К тому же я знаю, что сегодня понедельник, потому что Линуса не повезли в ясли. Он по-прежнему ездит туда со вторника по пятницу, но по понедельникам остается дома — это одна из многих наших попыток сэкономить. Чарли и Люси в школе, Боб на работе, а Линус с бабушкой отправились за продуктами. Я дома одна, все еще в пижаме, в своем любимом кресле в солярии — моем священном месте.

Я читаю журнал «Уик» вместо воскресной «Нью-Йорк таймс». Я совсем забросила воскресную «Таймс», а «Уик» обнаружила в комнате ожидания у детского дантиста, и он мне понравился. Журнал информирует меня о главных событиях недели на трех коротких страницах и приводит мнения из редакционных статей и ведущих колонок самых важных газет типа «Нью-Йорк таймс». Он даже посвящает страницу нам, тайным поклонникам журнала «Пипл», рассказывая о свежих голливудских новостях. Все статьи начинаются и заканчиваются на одной странице, и сам журнал состоит из вполне приятных и посильных сорока страниц.

«Уик» обладает теми же свойствами, которые я больше всего ценю в своих любимых консультантах из «Беркли»: он краткий, но глубокий и переходит прямо к сути дела. Переворачивая страницу и задумавшись об этом сравнении, я внезапно вспоминаю правило «Двадцать к восьмидесяти».

Правило «Двадцать к восьмидесяти» считается универсальной истиной и одной из десяти заповедей для консультантов «Беркли». Оно является экономическим принципом, который утверждает, что двадцать процентов усилий приносят восемьдесят процентов результата. В сущности, это означает, что из всего, что делает человек, по-настоящему важны только двадцать процентов. Нашим консультантам, которым нужно предложить клиенту решение в течение пары недель и потому лишенным роскоши изучать конкретную бизнес-проблему целый год, правило «Двадцать к восьмидесяти» напоминает, что нужно сосредоточиться на жизненно важных двадцати процентах информации и игнорировать те восемьдесят процентов, которые, скорее всего, к делу не относятся (наши суперзвезды — те, кто обладает интуитивным ощущением, на чем сосредоточиваться и что игнорировать).
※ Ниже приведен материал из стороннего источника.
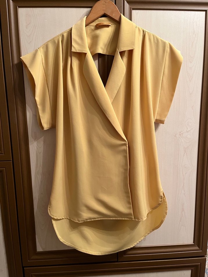 Sarı renginde, V yakalı ve kısa kollu kadın bluz. İpek gibi kumaştan, bol ve drapeli kesimiyle modern ve şıkbir tarz sunar.

Редакция «Уик» уже отобрала двадцать процентов новостей, которые важны для меня, и опубликовала их в аккуратном маленьком журнальчике. Я закончу этот номер к завтрашнему дню, а значит, буду достаточно информирована о событиях недели ко вторнику, что оставит прочую часть моей недели свободной для чего-нибудь еще. Правило «Двадцать к восьмидесяти» совершенно гениально.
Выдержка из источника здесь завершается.